Kemarin memang Asoka sepakat untuk menyusul mereka dengan Puan setelah selesai tugas observasinya, namun melihat jadwal kegiatan hari ini tak memungkinkan.

“Terus gue gimana? Gue sendirian disini? Ya kalikan gue jalan sama 3 cewek, dikira apaan gue.” Rama menyisir rambut hitamnya dengan jari tangannya.

“Sok cakep lo.” Ucap Asoka yang hanya dibalas lirikan mata tajam seorang Rama.

“Lo ikut aja, nanti gue juga ajak Amran. Kayaknya kemarin kalian cukup akrab.” Ane mengolesi roti panggang dengan selai coklat favoritnya.

“Syukur deh. Iya, lo tahu aja. Dia baik sih, masak iya dia nggak pernah pacaran Ne?” Ane menganggukkan kepalanya, mengiyakan ucapan Rama.

“Buset, kalo masuk di SMA Kita bisa jadi bintang baru.” timpal Asoka.

“Lo yakin nggak ada perasaan apa-apa sama dia?” tanya Rama yang membuat Ane tersedat begitu saja, ia mengambil gelas air mineral yang ada didepannya dan meneguk habis air itu.

“Gila apa lo.” Ketus Ane lalu memakan roti panggangnya itu, lagi.

“Iya deh lupa gue lo udah sama Puan kan ya, ngomong-ngomong si Puan kemana? Masih tidur?” ucap Rama sambil menatap ke arah Ane, berharap dapat jawaban dari gadis itu.

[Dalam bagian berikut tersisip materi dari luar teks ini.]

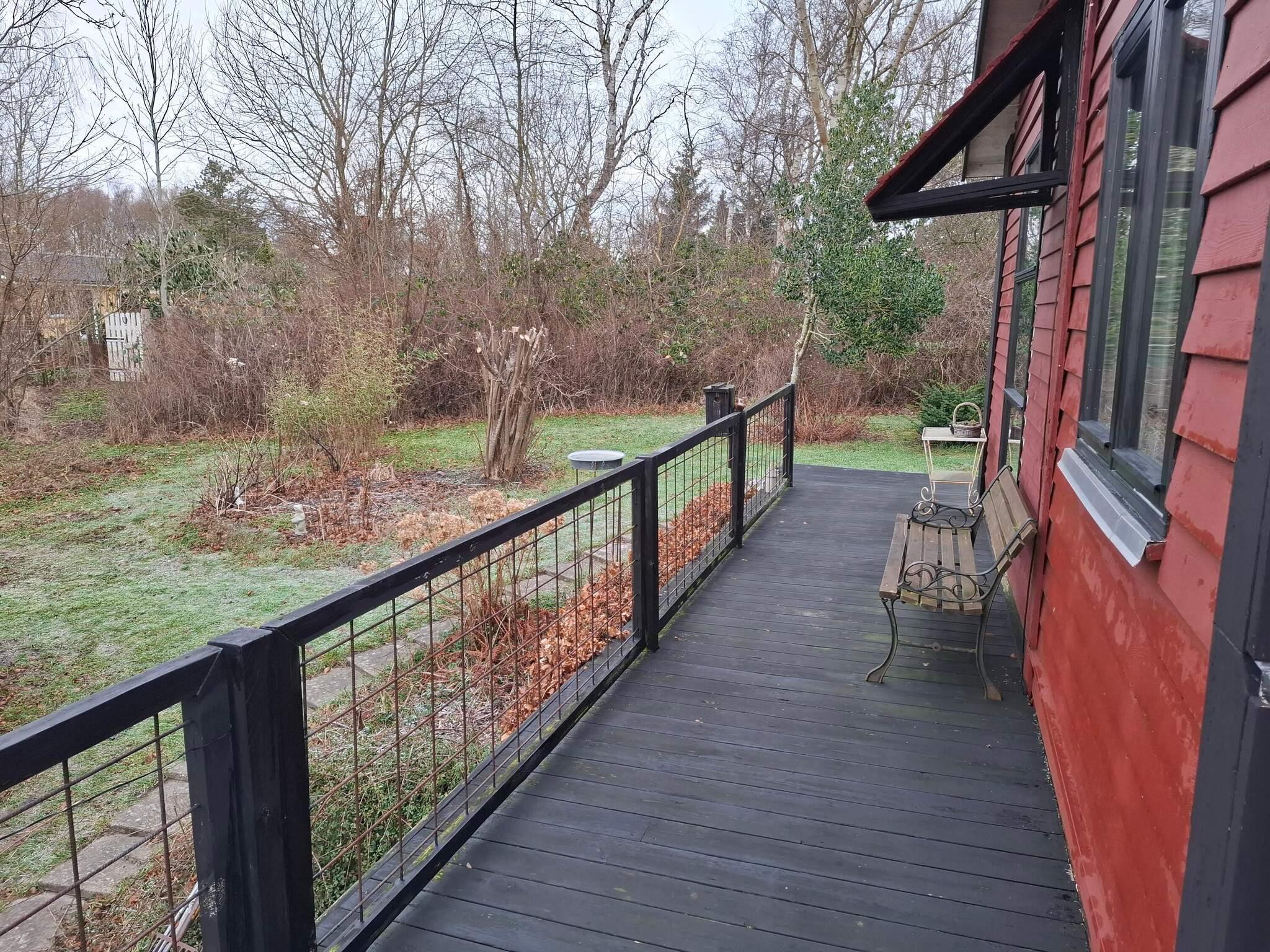 Det veludstyrede køkken er udstyret med elkomfur, køleskab med fryser, mikroovn, kaffemaskine og opvaskemaskine, hvilket gør det nemt at tilberede måltider under dit ophold. Badeværelset har vaskemaskine, toilet, håndvask og bruser for ekstra bekvemmelighed. Udenfor finder du en dejlig terrasse, havemøbler og en kulgrill, perfekt til at nyde måltider og slappe af i den friske luft. Dette sommerhus er ideelt til at skabe varige minder i et fredfyldt og smukt område.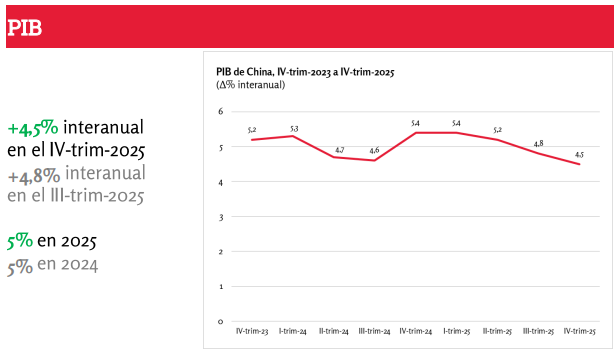 China inició 2026 con un crecimiento del 5% interanual en 2025, en línea con el objetivo oficial de “alrededor del 5%” y replicando el desempeño registrado en 2024, según el informe del Instituto de Estrategia Internacional (IEI) de la CERA.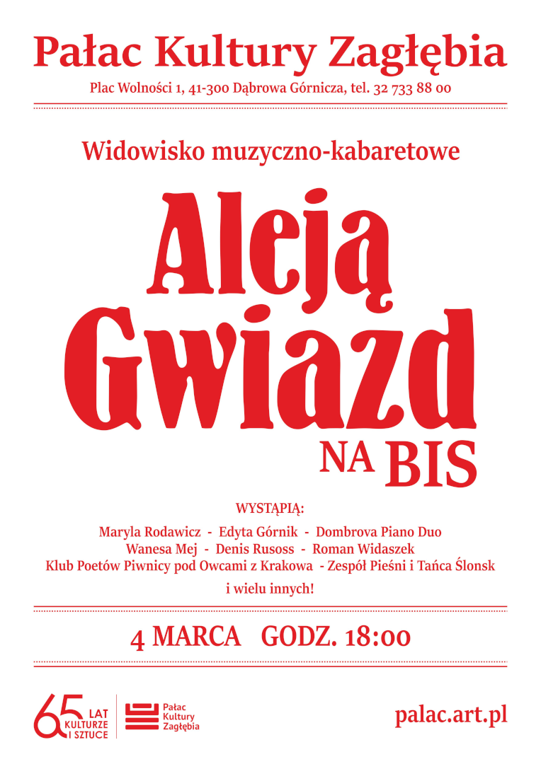 Tego dnia na naszych deskach, z okazji jubileuszu 65-lecia PKZ, wystąpią gwiazdy lokalnej, polskiej i międzynarodowej sceny m.in.: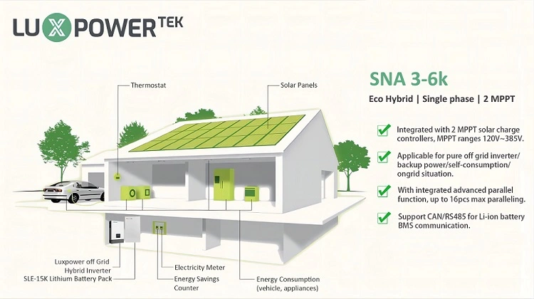コンパクトで簡単にインストールでき、費用対効果の高いLuxPower SNA 6000シングルフェーズインバーターは、エネルギーの心配から簡単に解放されます。並行して最大16%の16%をサポートすると、このソリューションにより、5kWから96kWのモジュラースケーラビリティが可能になり、多様な電力要件が満たされます。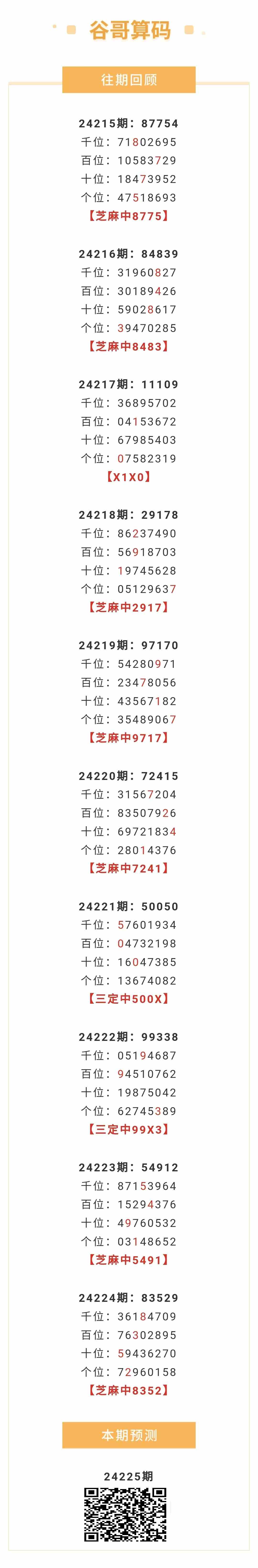 【排列五-24225期】本月圈中13次芝麻,芝麻近10中7;上期芝麻中8352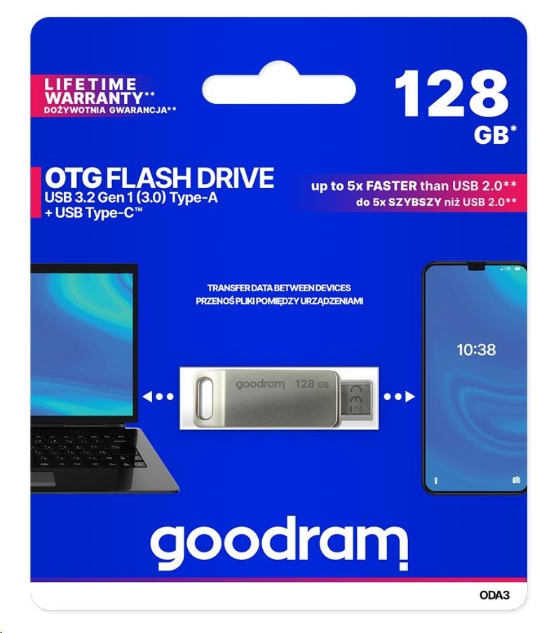 Type-C™ is becoming the most popular USB type used to transfer data between all electronic devices. The growing popularity of this solution is supported by the fact that manufacturers of next gen laptops, smartphones, PCs and other devices are increasingly equipping their products with an additional “C” next to the standard type A connector or choose only Type-C™. GOODRAM OTG ODA is an excellent solution that will work both with an old and new electronic devices generation laptops, smartphones and PCs. The ODA Flash drive is equipped with two fast USB 3.2 connectors: one standard type A and the Type-C™, which means that data transfer between devices of different generations has never been so easy and fast.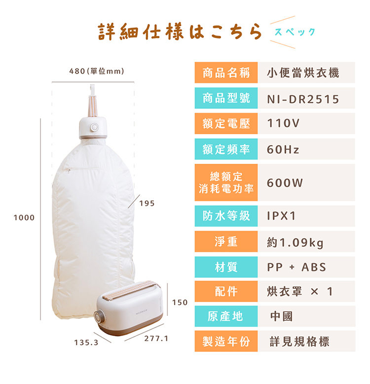 【NICONICO】美型收納式UV烘衣機NI-DR2515

Ane mengendikkan bahunya, tanda ia tak mengetahuinya.

“Lo tunangan macem apa sih Ne, yaudah lo bawain dia sarapan, anter ke kamarnya sama bilang 1 jam lagi harus sudah rapi.” Ane membulatkan matanya tak suka dengan ucapan Asoka seolah menyalahkan dirinya.

“Kenapa harus gue.” Ane tak mengindahkan ucapan Asoka dan melanjutkan makannya.

“Lo tunangannya bukan sih Ne, sikap lo kayak masa bodo gitu sama Puan.” sahut Seka saat gemas dengan tingkah temannya itu.

“Iya iya.” Ane mengambil beberapa roti panggang dan mengolesi selai kacang, ia juga menuangkan susu hangat pada gelas dan menata rapi di nampan, dengan langkah malas ia berjalan ke lantai 2 dimana kamar Puan berada. Tepat di depan kamarnya.